Processing Pipelines¶
The OCR worker implements a smart routing pipeline that automatically detects document language and selects the optimal OCR engine. This page documents the pipeline logic, PDF/image processing, and the RabbitMQ-based async architecture.
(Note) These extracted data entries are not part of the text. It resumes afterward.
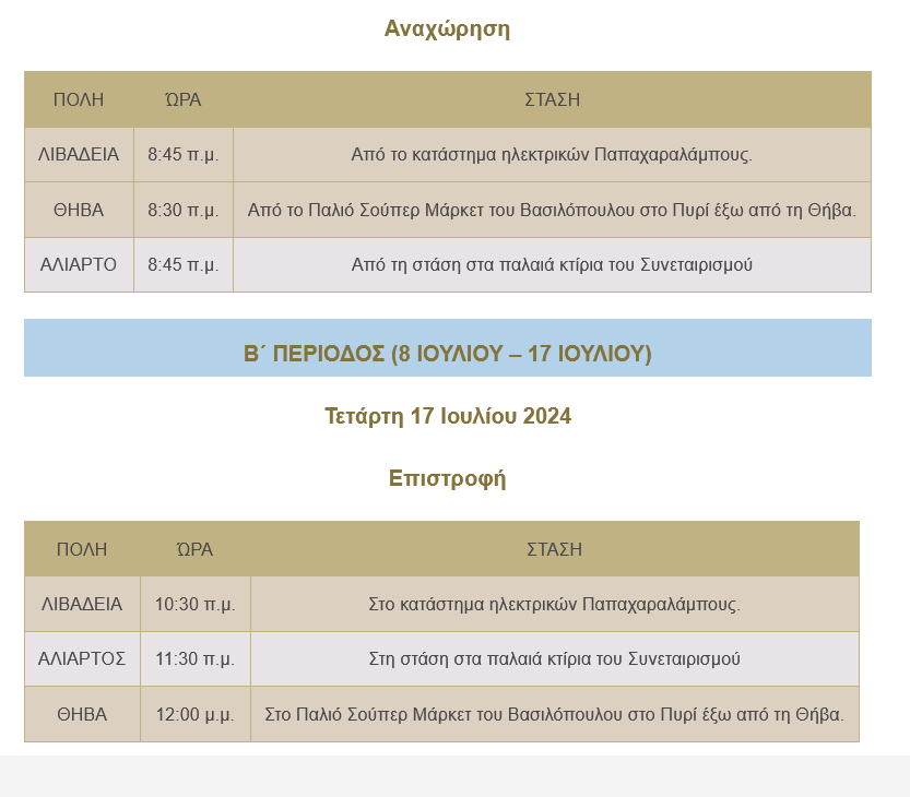 Β͇ο͇ι͇ω͇τ͇ί͇α͇ Η Γ’ Κατασκηνωτική Περίοδος Ξεκινά admin 15 Ιουλίου, 2024 ΔΡΟΜΟΛΟΓΙΑ ΛΕΩΦΟΡΕΙΩΝ Tags: Μητρόπολη Θηβών Λεβαδείας κ ΑΥλίδος Μητροπολίτης Θηβών Post navigation Previous Γενική απεργία στη Λοκρίδα στις 17 ΙούληNext Πανήγυρη Ιερού Ναού Προφήτη Ηλία Λεονταρίου Αφήστε μια απάντηση Ακύρωση απάντησηςΗ ηλ. διεύθυνση σας δεν δημοσιεύεται. Τα υποχρεωτικά πεδία σημειώνονται με *Σχόλιο * Όνομα * Email * Ιστότοπος Αποθήκευσε το όνομά μου, email, και τον ιστότοπο μου σε αυτόν τον πλοηγό για την επόμενη φορά που θα σχολιάσω. Related Stories Πρόγραμμα ονομαστηρίων Σεβασμιωτάτου Μητροπολίτου Θηβών, Λεβαδείας και Αυλίδος κ. Γεωργίου Β͇ο͇ι͇ω͇τ͇ί͇α͇ Πρόγραμμα ονομαστηρίων Σεβασμιωτάτου Μητροπολίτου Θηβών, Λεβαδείας και Αυλίδος κ. Γεωργίου 16 Απριλίου, 2026 Εορτή Ψηλαφήσεως Αποστόλου Θωμά Β͇ο͇ι͇ω͇τ͇ί͇α͇ Εορτή Ψηλαφήσεως Αποστόλου Θωμά 16 Απριλίου, 2026 Πάσχα 2026 Β͇ο͇ι͇ω͇τ͇ί͇α͇ Πάσχα 2026 15 Απριλίου, 2026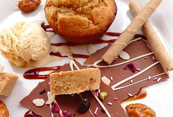 En este caso he puesto el cupcake, dos barquillos de turrón, un par de trozos de turrón blando, almendras garrapiñadas, helado de vainilla, caramelo liquido en la base y unas láminas de chocolate que se hacen fundiendo chocolate y extendiendo y añadiendo chocolate blanco fundido y frutos secos o decoración variada y dejando enfriar.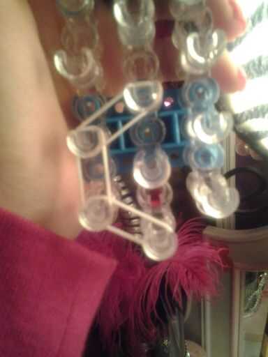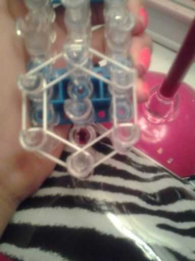 necesita: bandas de un telar del arco iris, un gancho y blanco y negro.Paso 1: Colocación de las bandas Lugar sus bandas en un principio como el triple solo paren en la clavija 4 y mover la banda hacia la derecha y luego haces una línea recta en el c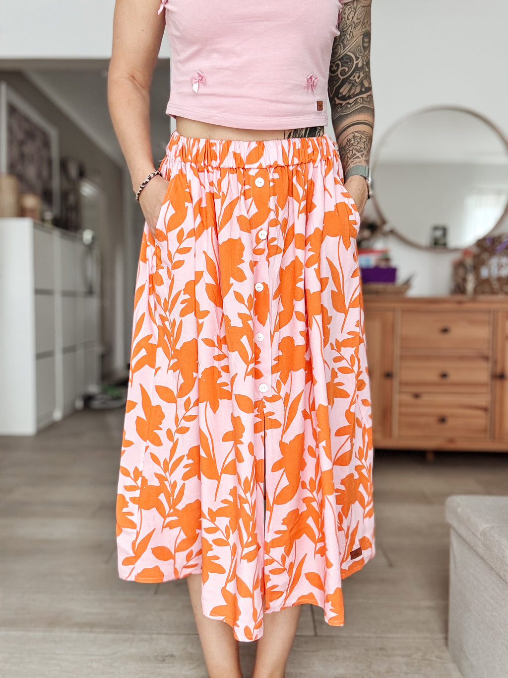 Ein traumhaft schöner und bequemer Wadenlanger Rock mit Schlitz und Knopfleiste. Du kannst in dank des Gummibundes in der Taille tragen oder auf Hüfte, wobei wir ersteres stylischer finden, vor allem zu unseren Cropped Tops. Mit diesem Style holt ihr Eure Taille ins Rampenlicht, fühlt Euch gut angezogen und Stilsicher.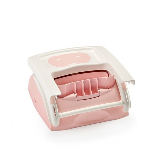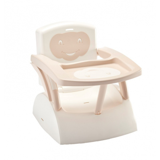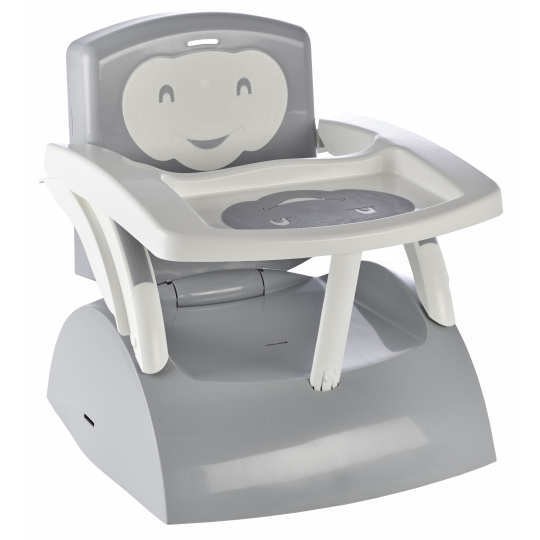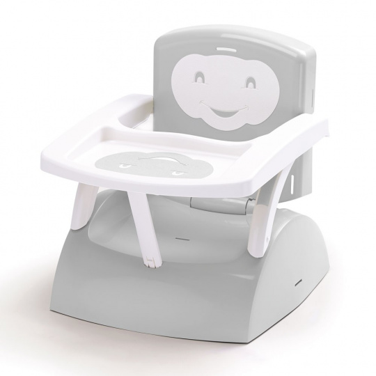 Tato lehká a univerzální skládací židlička s hracím nebo jídelním pultíkem roste spolu s dítětem. Díky své univerzálnosti se tak dokáže změnit na křesílko pro vaše děťátko. Díky svým nohám může stát na zemi, ale může být také připevněna ke klasické židli pomocí systému pásů. Systém pásů se nachází uvnitř židle.

For environment setup and configuration, see the OCR API Setup page.
Smart OCR Router¶
The core innovation is a two-stage language detection approach: run PaddleOCR first (fast), then check for Arabic text and switch to EasyOCR if needed.
flowchart TD
A[Input Image] --> B[PaddleOCR]
B --> C{Contains Arabic?}
C -->|No| D[Return PaddleOCR Result]
C -->|Yes| E[EasyOCR with paragraph=True]
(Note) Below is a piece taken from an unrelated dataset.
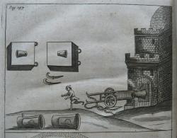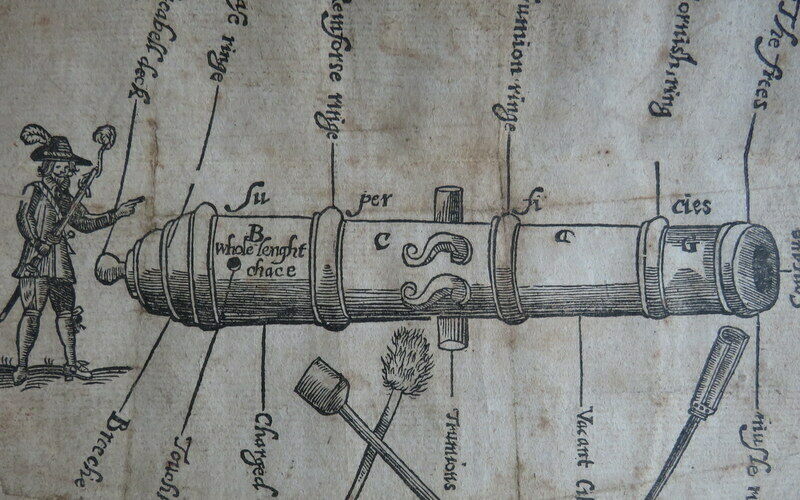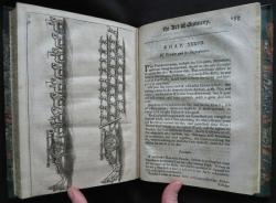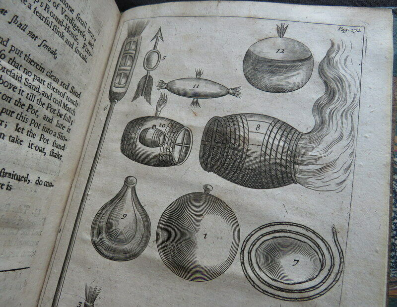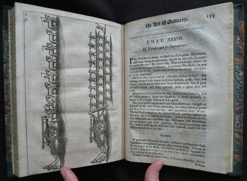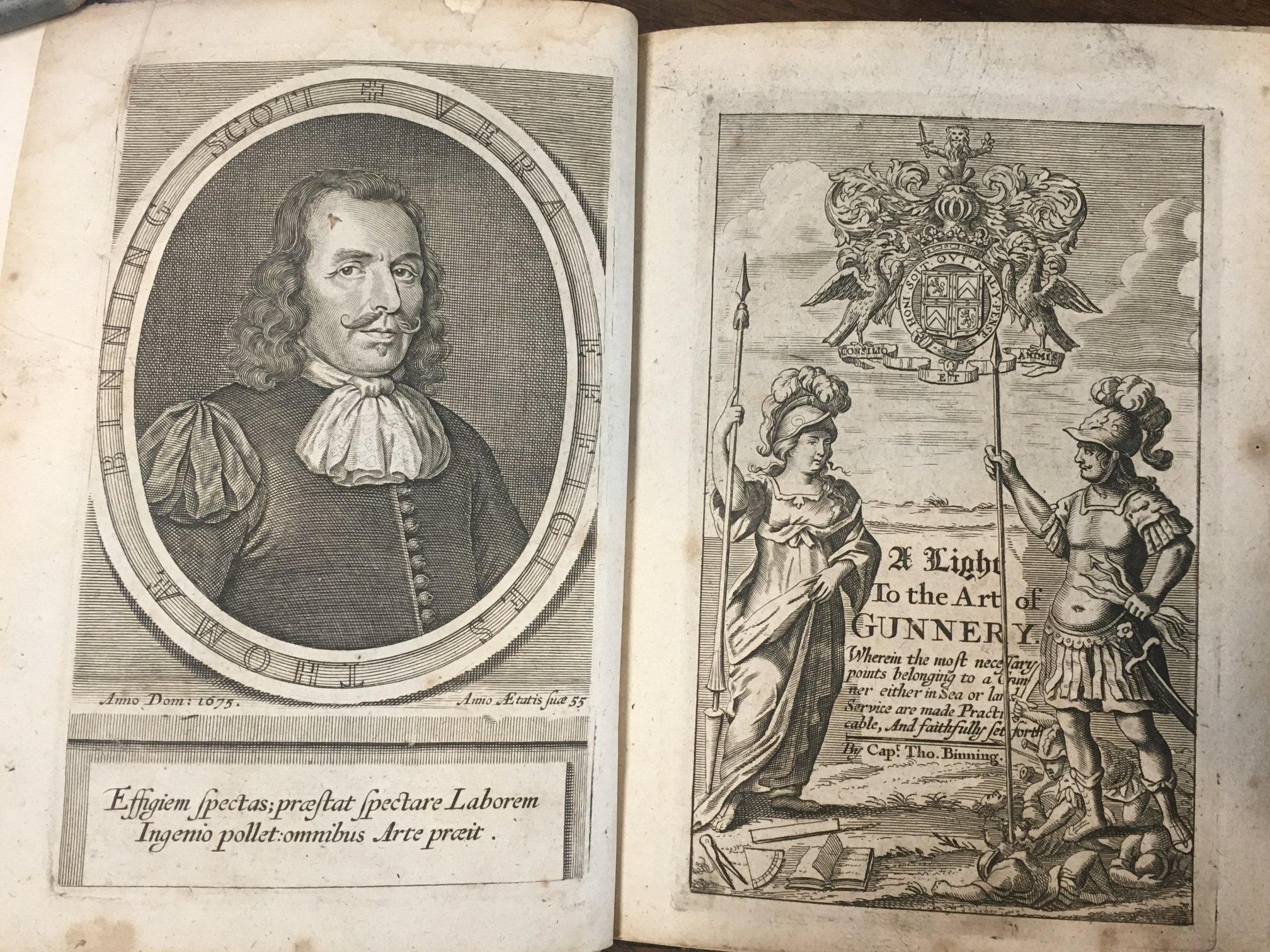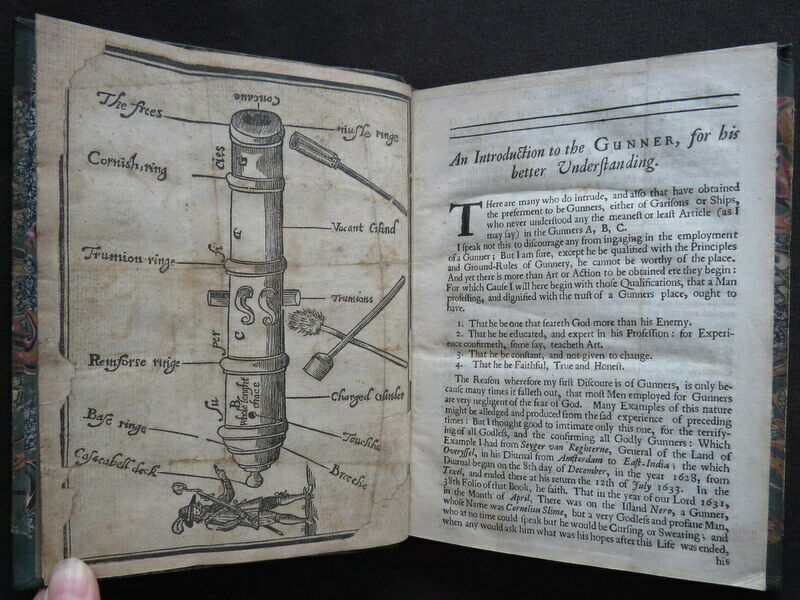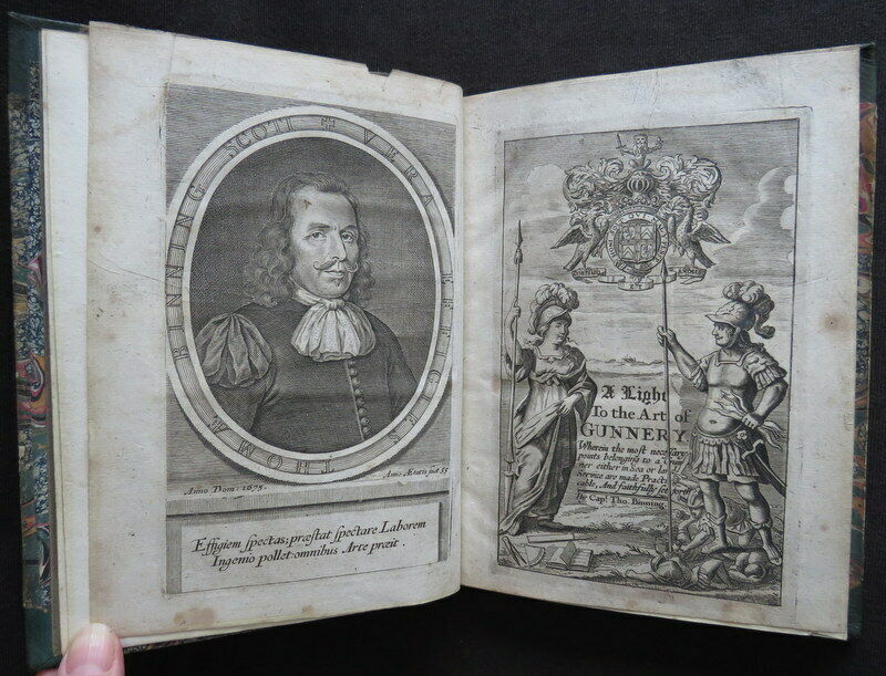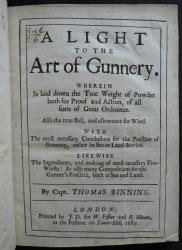 | Description | "A LIGHT | to the | Art of Gunnery. | wherein | Is laid down the True Weight of Powder | both for Proof and Action, of all | sorts of Great Ordnance. | Also the true Ball, and allowance for Wind. | with | The most necessary Conclusions for the Practice of | Gunnery, either in Sea or Land-Service. | likewise | The Ingredients, and making of most necessary Fire- | Works: As also many Compositions for the | Gunnery's Practice, both at Sea and Land. | By Capt. THOMAS BINNING. | LONDON; | Printed by J. D. for W. Fisher and R. Mount, | at the Postern on Tower-Hill, 1689." Rebound in later (19th C) green half-morocco, with beautiful marbled boards. Later end-papers. Two book plates to front, one has been obscured by scratching. The other is of Thomas Francis Fremantle. Folded woodcut of parts of a cannon from John Roberts' 'Compleat Cannoniere' inserted at A3, laid down on thick old laid paper. See "Early Military Books in the University of Michigan Libraries" #179. |

E --> F{EasyOCR produced text?}
F -->|Yes| G[Return EasyOCR Result]
F -->|No| D
style B fill:#4CAF50,color:#fff
style E fill:#2196F3,color:#fff
style D fill:#FF9800,color:#fff
style G fill:#FF9800,color:#fff
Why Two Engines?¶
| Engine | Strengths | Weaknesses |
|---|---|---|
| PaddleOCR | Very fast, excellent for English/numbers/tables | Arabic text often appears with disjointed letters and wrong reading order |
| EasyOCR | Accurate Arabic with paragraph=True for correct RTL reconstruction |
Slower, especially on CPU |
The smart router gives you the best of both: PaddleOCR's speed for English content, with automatic fallback to EasyOCR's accuracy for Arabic content.
Language Detection¶
Arabic text is detected using a simple Unicode range check:
def contains_arabic(text: str) -> bool:
"""Checks if text contains Arabic characters (Unicode range: U+0600-U+06FF)."""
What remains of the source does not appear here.